Ce Charlatan qui prétendait qu'un âne
Qu'il instruirait à sa façon,
Porterait un jour la soutane
Et deviendrait un Cicéron,
Si, pour lui bien fourrer ce savoir dans la tête,
On voulait lui donner dix ans,
C'est-à-dire à peu près le temps
Qu'emploie un écolier pour rester toujours bête;
Qui. consentait d'être mis au gibet
Si, pour l'époque définie,
Il n'avait pas transformé son sujet;
Ce charlatan connaissait bien la vie :
Comment compter sur dix ans d'existence,
Quand on ne peut compter sur un instant?
Qu'on soit dès lors, s'il se peut, bien mangeant,
C'est un détail; mais la prudence
Conseille d'être bien vivant,
Afin d'être toujours prêt à plier bagage
Quand il faudra partir pour l'éternel voyage.

Les charlatans, à qui la graine de niais
Sert d'aliment et de pâture.
Sont aujourd'hui plus nombreux que jamais.
Il en est de toute nature :
D'abord, les charlatans de la littérature;
Les uns très malhonnêtement
Trempant leur plume dans l'ordure,
Dans le mensonge et l'imposture,
Pour composer d'affreux poisons;
D'autres, gonflant de grands ballons
Qui retombent bientôt à terre
Et sont crevés au bout de quelques bonds;
D'autres faisant mousser le savon littéraire
Pour en tirer, comme de grands enfants,
Des bulles qu'emportent les vents;
Les charlatans de la critique,
Qui consacrent leur rhétorique
A faire croire au public ingénu
Qu'ils connaissent un art qu'ils n'ont jamais connu ;
Qui s'embrouillent sur l'esthétique,
Jugent tout sans critérium,
Et quand une mouche les pique,
Ne savent plus garder le décorum;
Les charlatans de la bazoche,
Qui sont toujours très-convaincus
De l'innocence et des vertus
Des drôles à qui l'on reproche
D'avoir cent fois rempli leur poche
Au détriment d'hurluberlus;
Les charlatans de la finance,
Subtils prestidigitateurs,
Qui jettent de la poudre aux yeux des spectateurs,
Et font si bien qu'on va de confiance
Verser sa bourse dans les leurs ;
Les charlatans, secte plus empirique
De la science économique;
Adorateurs du dieu Crédit,
Qui disent qu'on a tout profit,
Au lieu de s'acquitter des dettes déjà faites,
A faire de nouvelles dettes,
Et qu'en se ruinant un État s'enrichit;
Les charlatans, du faux libéralisme,
Qui, trahissant la liberté,
Nous mènent droit au despotisme,
Grâce aux flonflons de ceux du journalisme,
. Qui, se vendant sans dignité,
Transformant leur plume en lardoire,
Dénaturant les faits, faisant mentir l'histoire,
Assassinent la vérité ;
. Les charlatans du républicanisme,
Qui rêvent de remaniement,
Et font consister l'organisme
D'un bon gouvernement
A retourner le mécanisme,
Le dessous par dessus, pour tout redressement,
Et le derrière par devant.
Il en est qui prônent de vieux systèmes,
Qu'ils habillent en nouveautés :
Systèmes que l'Indien a jadis inventés,
Et sur lesquels les Grecs ont penché leurs fronts blêmes ;
Systèmes à dormir debout,
Où sans façon l'homme se déifie,
Où l'univers à Dieu s'identifie,
Tous deux ne formant qu'un seul tout : ;
Ce sont les charlatans de la philosophie.

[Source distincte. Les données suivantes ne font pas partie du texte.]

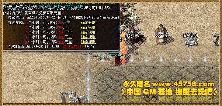 ②:行会争霸:每天下午18点,土城左上角点功城公告牌进入,获胜行会"奖励"元宝!③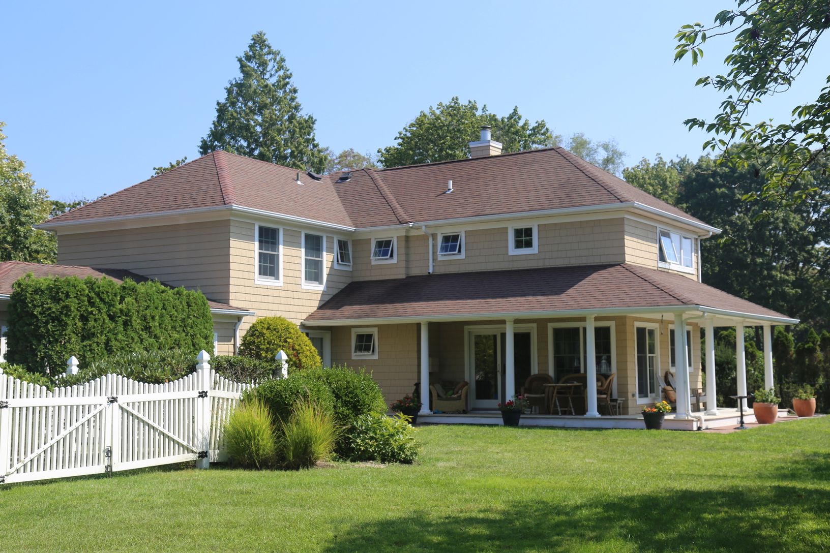 Beautiful one acre property located in the village of Westhampton Beach. This charming Traditional has a master bedroom suite with four additional guest bedrooms. There is a large bedroom on the first floor with French doors that lead out to the grounds. The large eat-in kitchen is nice and sunny and leads out to the picturesque covered porch. The living room has a fireplace and an adjacent den for plenty of room for a large family. The pr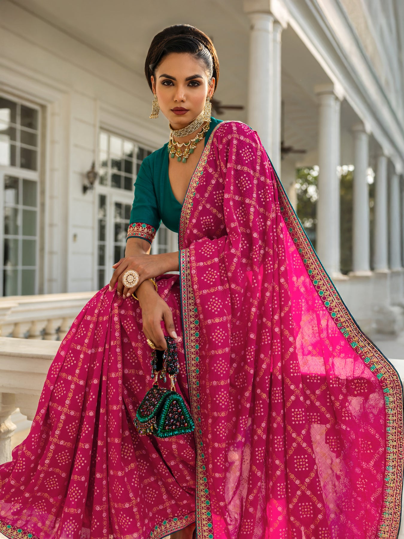 Accessorise with jhumka earrings, a fold-over clutch bag, and Kolhapuri heels to complete the look.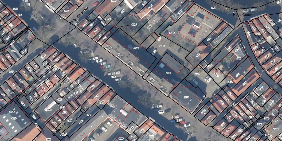 Het adres is gelegen op perceel 3504 in de sectie D en de kadastrale gemeente Gouda. De kadastrale aanduiding is aldus GDA01-D-3504. De gemiddelde perceelgrootte in Gouda is 680,8 m². Dit perceel is kleiner: de perceeloppervlakte bedraagt 665 m². Het grootste perceel in de kadastrale gemeente is 24,2 ha. Het kleinste perceel heeft een oppervlakte van 0 m². Op het perceel liggen in totaal 16 adressen. De huidige grenzen van het perceel zijn digitaal in de Basisregistratie Kadaster (BRK) geregistreerd op 05-02-1998.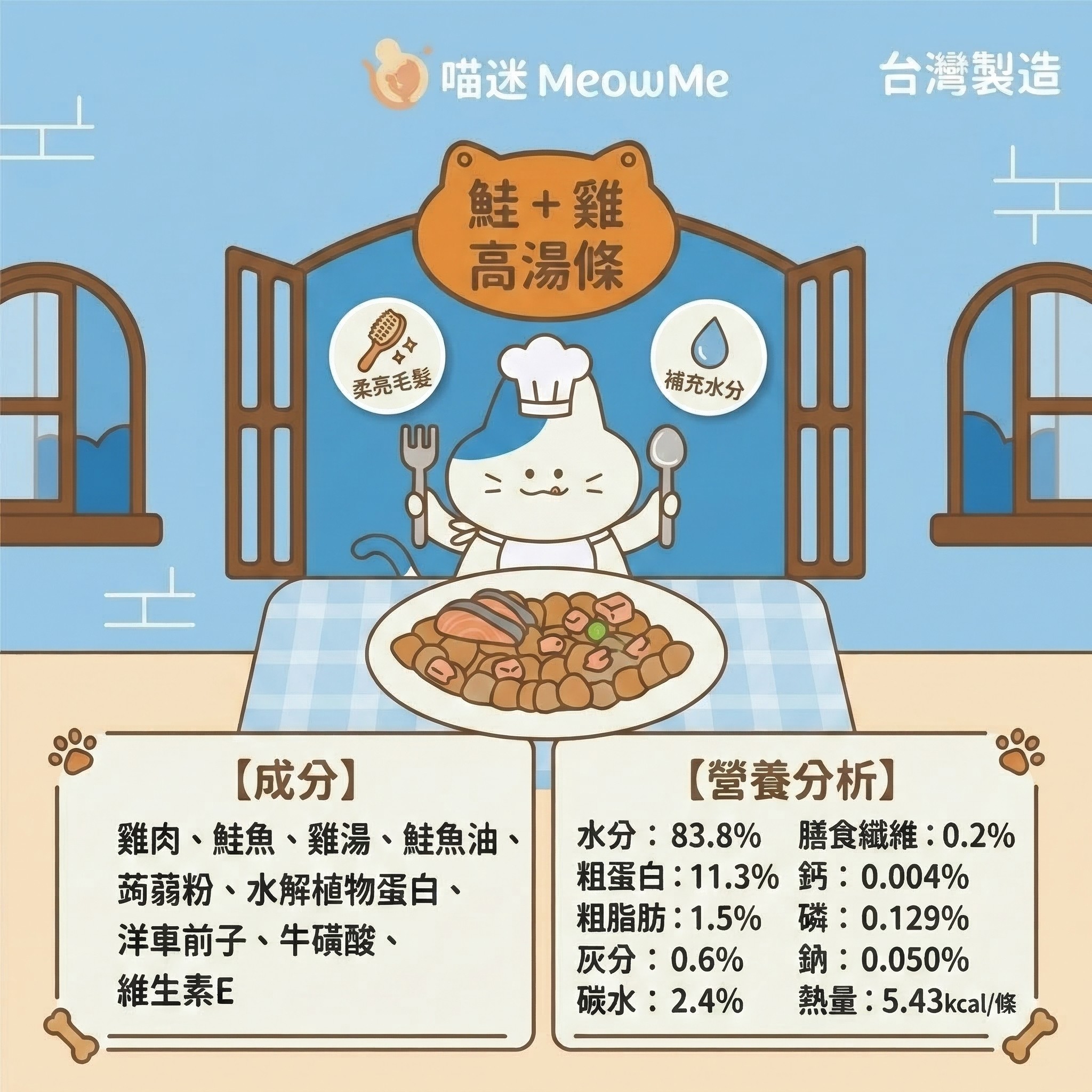 鮭魚的自然鮮味搭配雞肉,整體香氣清爽、不易膩口,質地偏濃湯感,特別好舔。 即使是不常吃魚的貓,也能輕鬆接受。 ✅ 適合: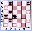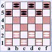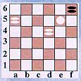 5. f4 - d6 c3 - d2 6. d5 - e1 b6 - a5 7. a1 : e5 f6 : c3 8. e5 - f6D a5 - b6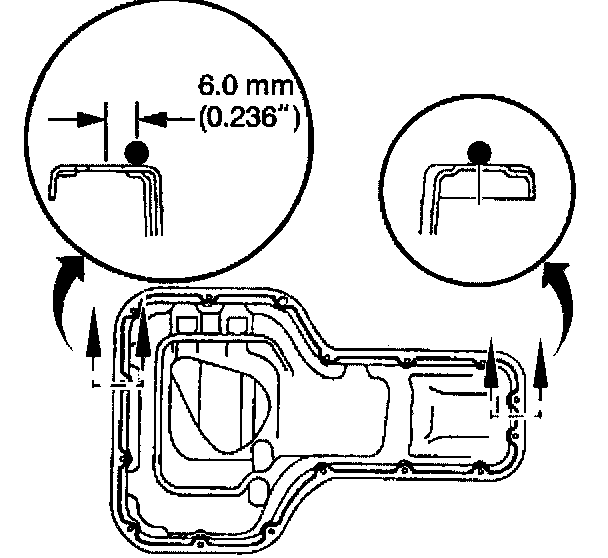 5. Apply a continuous bead of silicon sealant GM P/N 12346240 (Canadian P/N 10953493) or an equivalent, to the engine oil pan mating surface.

Les charlatans ! eux seuls sont en progrès;
Eux seuls ont du succès.



Oh, une fable politique. Rien n'est plus plaisant que d'entendre un curé nous parler politique. Il me fait penser à ces toutologues modernes que l'on invite pour leur demander leur avis sur tous les sujets du moment, qu'ils feignent de tous maîtriser.